Rust Word Frequency Counter with HashMap 📊 | Rust by Examples #10
Video: Rust Word Frequency Counter with HashMap 📊 | Rust by Examples #10 by Taught by Celeste AI - AI Coding Coach
Watch full page →Rust Word Frequency Counter with HashMap
Learn how to build a word frequency counter in Rust using the HashMap collection and the Entry API for efficient counting. This example reads text, counts occurrences of each word, and displays the top N most frequent words sorted by their counts.
Code
use std::collections::HashMap;
use std::fs;
// Counts the frequency of each word in the given text slice
fn count_words(text: &str) -> HashMap<String, usize> {
let mut counts = HashMap::new();
for word in text.split_whitespace() {
// Normalize word to lowercase for consistent counting
let word = word.to_lowercase();
// Use Entry API to insert or update the count efficiently
*counts.entry(word).or_insert(0) += 1;
}
counts
}
// Returns the top n words sorted by frequency in descending order
fn top_words(counts: &HashMap<String, usize>, n: usize) -> Vec<(String, usize)> {
let mut word_counts: Vec<(String, usize)> = counts.iter()

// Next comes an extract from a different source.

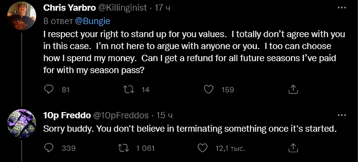 Когда Bungie перестала отвечать, споры продолжились. В топе по лайкам оказались шутки.
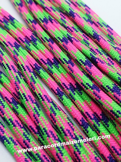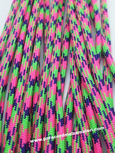 Paracord İp, Paracord Paraşüt Bileklik İpi Neon Pembe Neon Yeşil Mavi Şerit

.map(|(word, &count)| (word.clone(), count))
.collect();
// Sort by count descending
word_counts.sort_by(|a, b| b.1.cmp(&a.1));
// Take top n results
word_counts.into_iter().take(n).collect()
}
fn main() {
// Read sample text file
let text = fs::read_to_string("sample.txt").expect("Failed to read sample.txt");
// Count words
let counts = count_words(&text);
// Get top 5 words
let top = top_words(&counts, 5);
println!("Top 5 words by frequency:");
for (word, count) in top {
println!("{}: {}", word, count);
}
}
Key Points
- HashMap is ideal for counting occurrences with keys as words and values as counts.
- The Entry API with entry().or_insert() simplifies updating counts without extra lookups.
- Text processing uses split_whitespace() and lowercase normalization for consistent counting.
- Sorting a vector of (word, count) tuples by count descending helps find the most frequent words.
- Reading from a file and modularizing code makes the counter reusable and clean.